I took a critical look at her little figure and graceful hands. Madeline must have been pretty as a young graduate student. Smart, too, obviously.
“And?” I prodded her.
“Your father made us lemonade from scratch.” She shook her head slightly and smiled. “I’d never met a smarter, nicer guy.”
I hadn’t ever seen Madeline blush before.
“Aww,” I said.
“It wasn’t all clear sailing,” she said. “I wasn’t Latina, and it took a while for all of his family to come around. His ex-girlfriend was a handful, too, but that’s long ago.”
“Do you think Grampa set you up?”
She nodded. “He said he just had a feeling, when he heard my voice on the phone, that I was right for his son.”
Sweet. It mattered that Diego’s father had approved of her. Bumping down a generation, I wondered if Diego felt he deserved some say in who Althea dated. Maybe that was why he was outraged when Althea defied him by dating Tom. I tried to think how my own parents would react to me dating, and I shuddered.
Madeline turned off the water and put the apples in a wooden bowl. “I have to believe things work out the way they should,” she said.
“Like with you and Dad?”
“And you being home with us again,” she said, turning to me. “I know your father can be difficult, but it’s only because he cares. He’s noticed you’ve started calling him ‘Dad.’ That means a lot to him.”
It was more of a courtesy than anything else. “It seems simplest,” I say.
“Even so. It shows you’re trying, and we appreciate that. I understand that you don’t feel like Althea anymore. I know you have this other girl’s memories.” She spoke calmly, but her voice carried an undercurrent of emotion. “But I can’t help hoping you’ll return to yourself now that you’re home. That’s what moms do. We hope.” She set the bowl of apples in the center of the table. Then she brushed her hands back through her soft white hair so that it stood out on both sides of her head. “I mean, just look at you,” she said with a shaky smile. “I barely dared to dream, but now you’re right here, in our own kitchen, and your baby’s fine, too. It’s just—” She broke off, waving a hand.
“Oh, Mom,” I said.
I stood awkwardly from my chair, and she came over to hug me.
“You’re such a child yourself,” she said in a tight voice. “And now you’re going to be a mother, too. I don’t know if I can stand it.”
I laughed over a lump in my throat and patted her back. “You’ll stand it. You’ve stood worse.”

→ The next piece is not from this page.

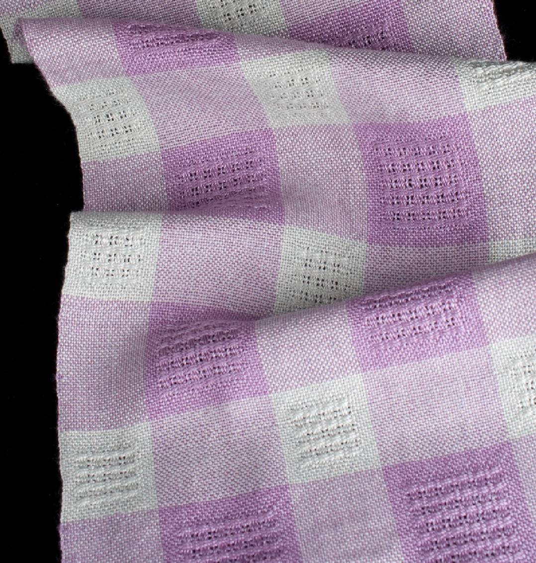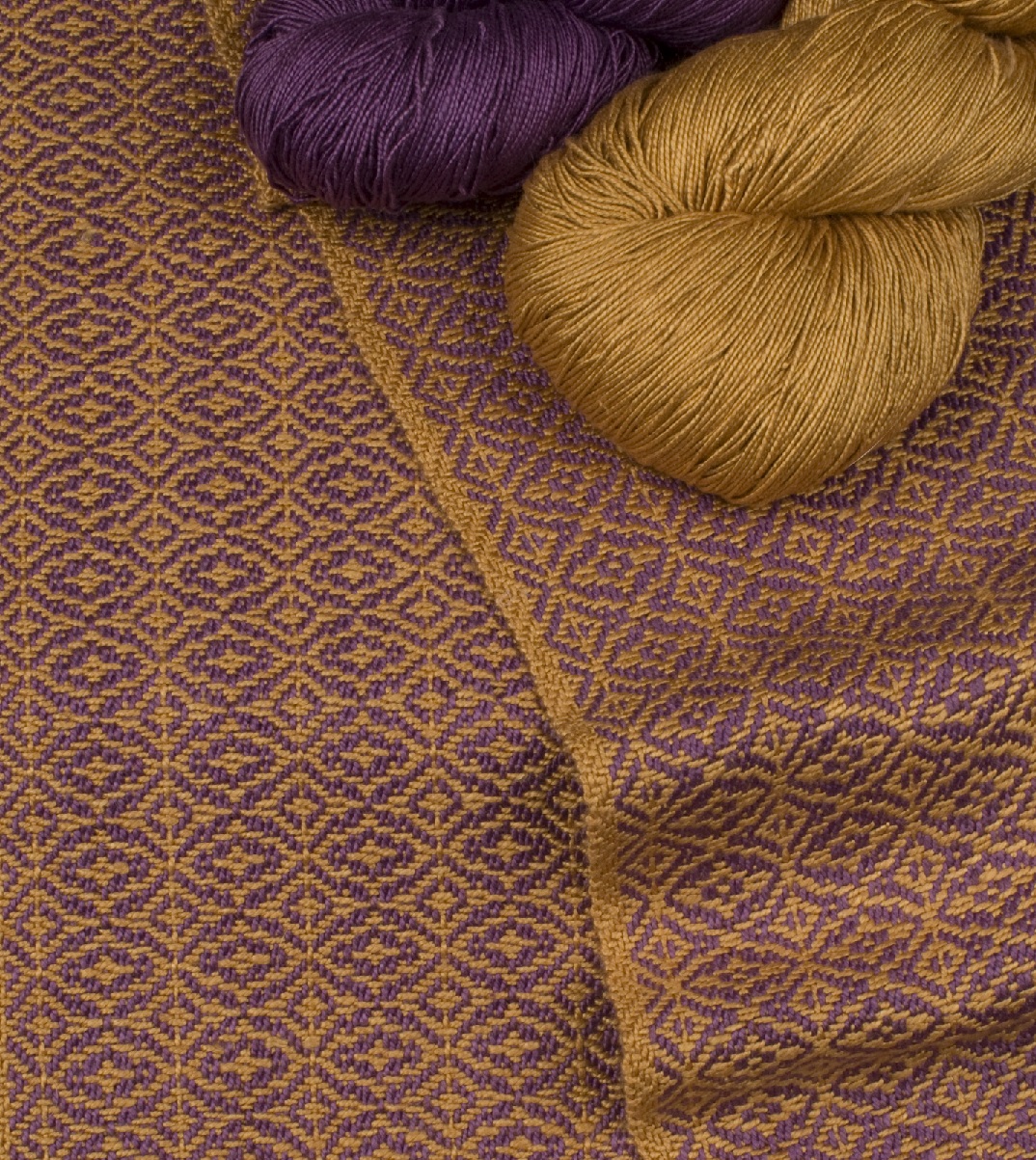 We wove ours with natural dye colors #1014 Lilac in the warp and #1008 Butternut (gold) in the weft (natural dye colors no longer available). Good color substitutions for a similar effect are #9510 Evening Spirit and #435 Butternut.

“I guess that’s true,” she said, and kissed my cheek before she let me go.
*
My jetlag kicked in, and I had to head upstairs. Althea’s bedroom was easy to identify, decorated as it was in white and creamy blue, with a row of pristine, miniature dolls evenly spaced in a white case, and exactly enough books to fill three shelves. On her dresser was a little tree of earrings. Uneasy, I fingered a pair of dangly ones of hammered silver. To pick and choose items from Althea’s life felt wrong, like I was sifting through a dead girl’s tag sale.